If you know how to misuse your kitchen knife and make other knife-related kitchen mistakes, you need to know how to sharpen your knife at home.
You don’t want to throw away your kitchen knife on a regular basis or risk a dangerously dull blade. This easy-to-follow guide will help you keep your best gear and cherished collections (like those in your Misen Knife Collection) sharp for years to come.
What’s the best way to sharpen a knife?
“Dull knives are dangerous,” explains cookbook author and cookbook developer Brian Theis. “You could slip or slide off what you’re trying to cut and then cut your hand or finger! Dull knives can also affect productivity,” he said.
During his time at the International Culinary Center in New York, “they have always emphasized that it is best to sharpen knives by hand with a high-quality whetstone.”
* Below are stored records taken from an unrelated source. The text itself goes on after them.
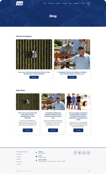 A Inel Inteligência Eletrônica desenvolve tecnologias para tornar a produção do campo mais fácil, eficiente e lucrativa. Desde 2013 desenvolvendo software e desde 2021 comercializando também hardware, a Inel apresenta ao mercado de indústrias de máquinas e implementos agrícolas produtos inovadores, desenvolvidos conforme a necessidade de cada cliente.
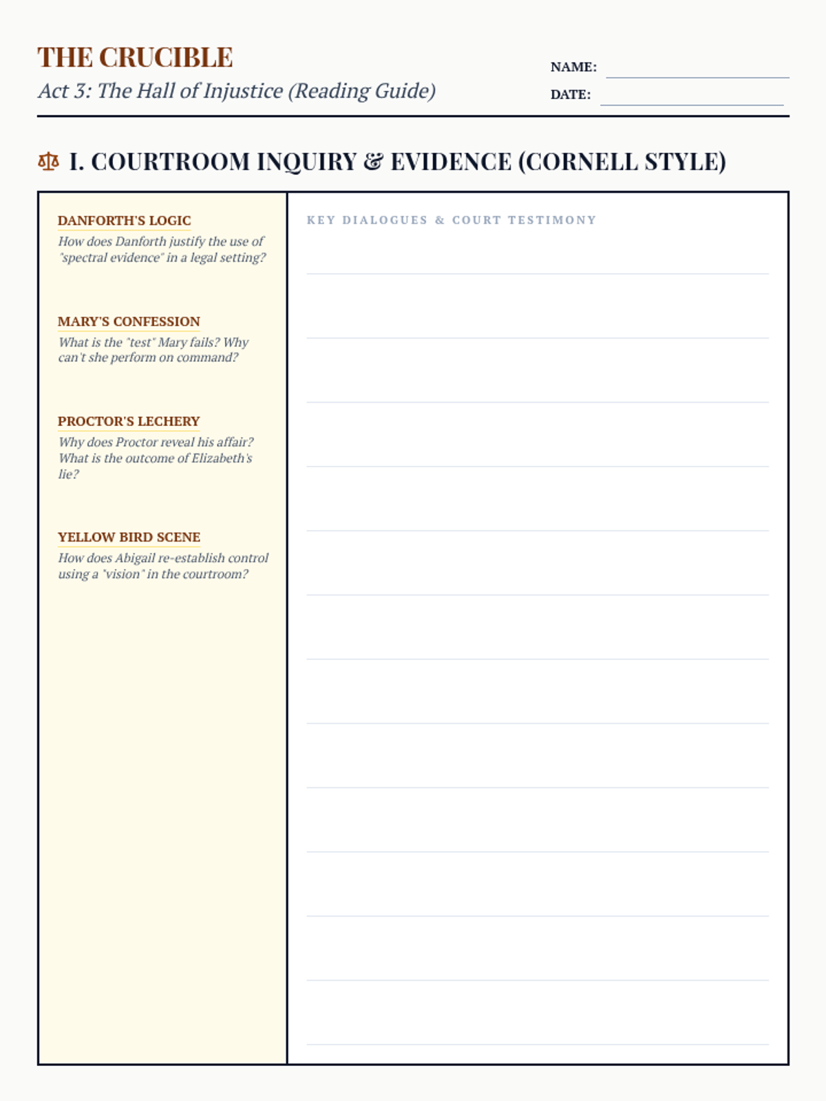 A two-page independent reading guide for Act 3 of 'The Crucible' featuring compact Cornell notes on page one and analytical organizers.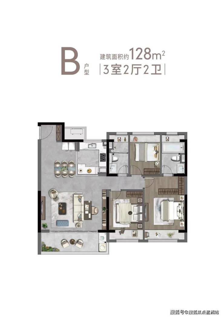 B户型128㎡3-2-2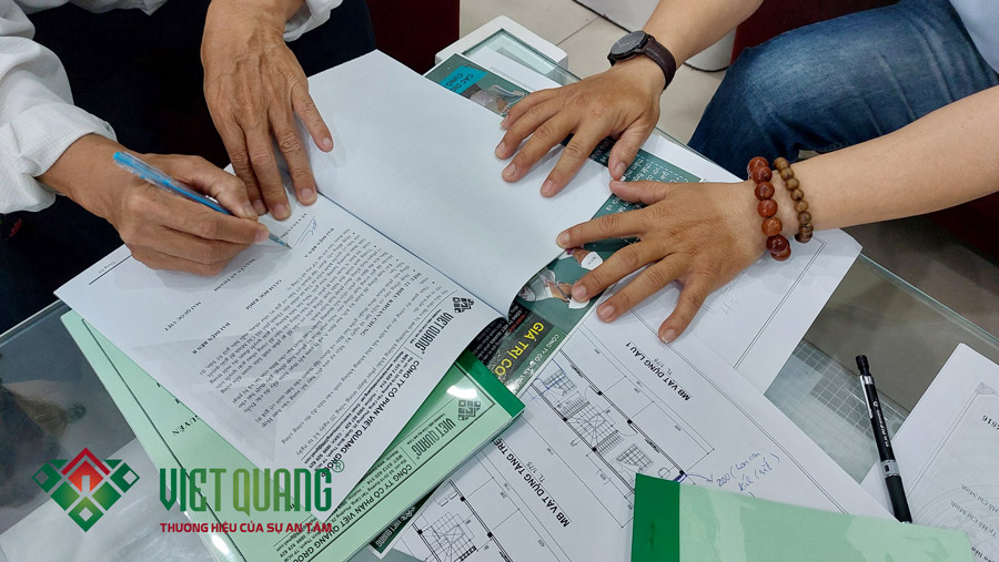 Dưới đây là một số hình ảnh kí hợp đồng xây nhà của Việt Quang Group và gia đình Chú Cường.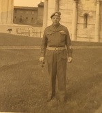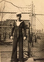 (HB02) Harold Branch by the gun mount on HMCS CHAMBLY K116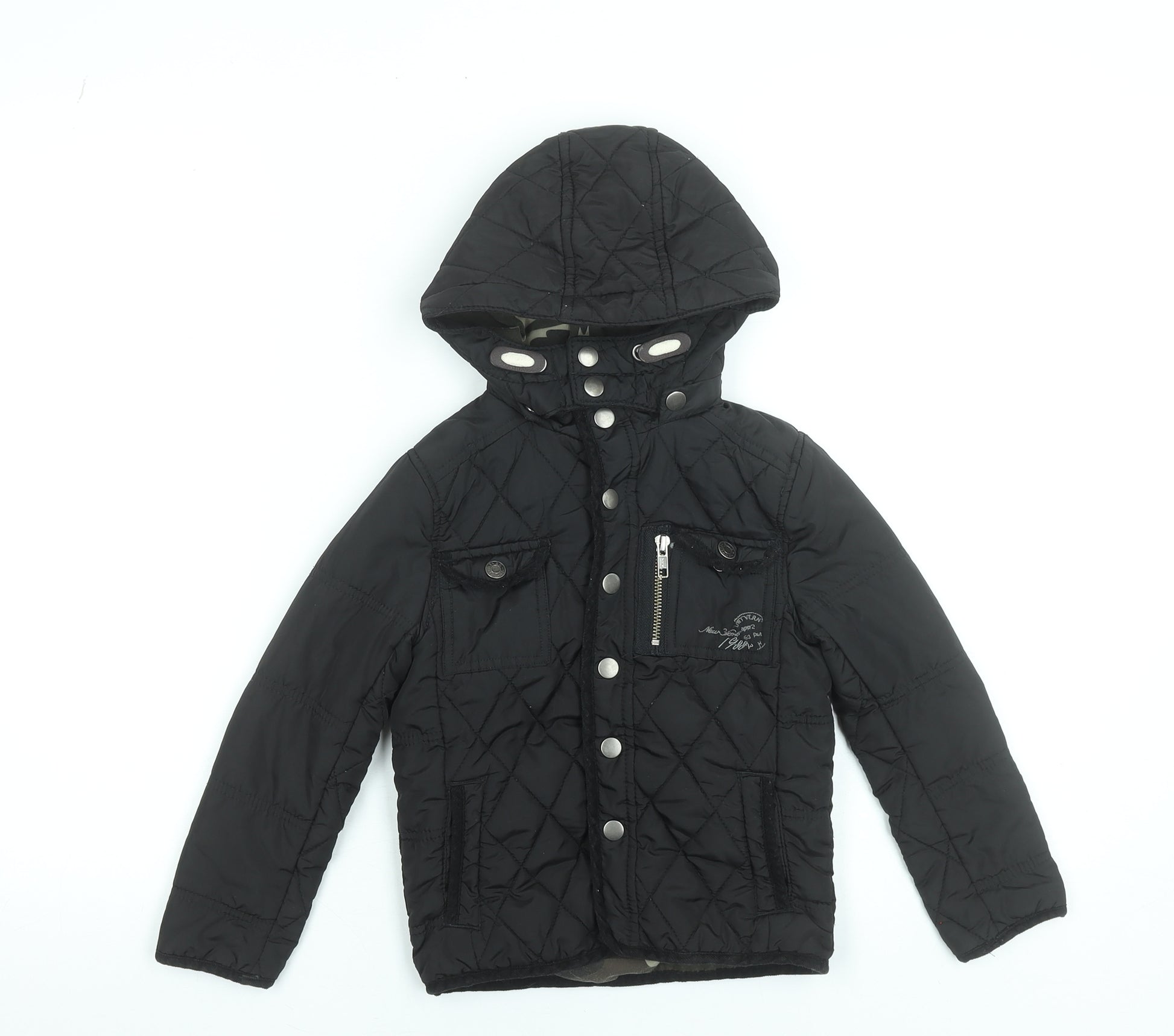 Boys Black Quilted Hooded Jacket 4 Years Polyester Lined

However, the average home cook need not be intimidated by the whetstone. The best knife sharpener for your home is the one you actually use, and this knife sharpener buying guide can help you choose the best one.
How to sharpen a knife
“If you’re a home cook and wondering how to keep your kitchen knives sharp, I recommend sharpening your most-used knives a few times a month,” Brian says. “If you don’t cook often, you might be able to take a few months between sharpening your knives, whereas professional chefs sharpen their knives almost every day.”
While there are many quality tools for sharpening knives, he recommends using the tried and true whetstone method whenever possible. If not, you can try a top-notch electric model.
“Whetstones or whetstones are primarily used by professional chefs to sharpen knives, razors, scrapers, etc. They can be designed to require water or oil for lubrication, which also helps to remove or wash off sharpening points that come loose from the edge of the tool metal,” he explained.
Sharpening Stone: Choosing the right sharpener for your lifestyle and kitchen is important. If you have a little extra kitchen work area or a studio that can accommodate a proper sharpening stone, you may want to invest in it. It’s important to note that the whetstone method requires more dexterity.
Electric knife sharpener: If you’re short on space and are concerned about a more professional approach for safety reasons, opting for a quality electric knife sharpener may be best for you.
Sharpening gloves: No matter how you cut, you run the risk of cutting yourself while sharpening. That’s why it’s important to wear sharpening gloves to protect your hands — especially your fingers. They should be made of cut-resistant fibers that are stronger than leather.
Categorize tools by type
The first step is to determine the type of knife you will sharpen. For a chef’s knife, choose a whetstone or electric sharpener.
For sharpening small kitchen knives or steak knives, Brian recommends using only the electric model.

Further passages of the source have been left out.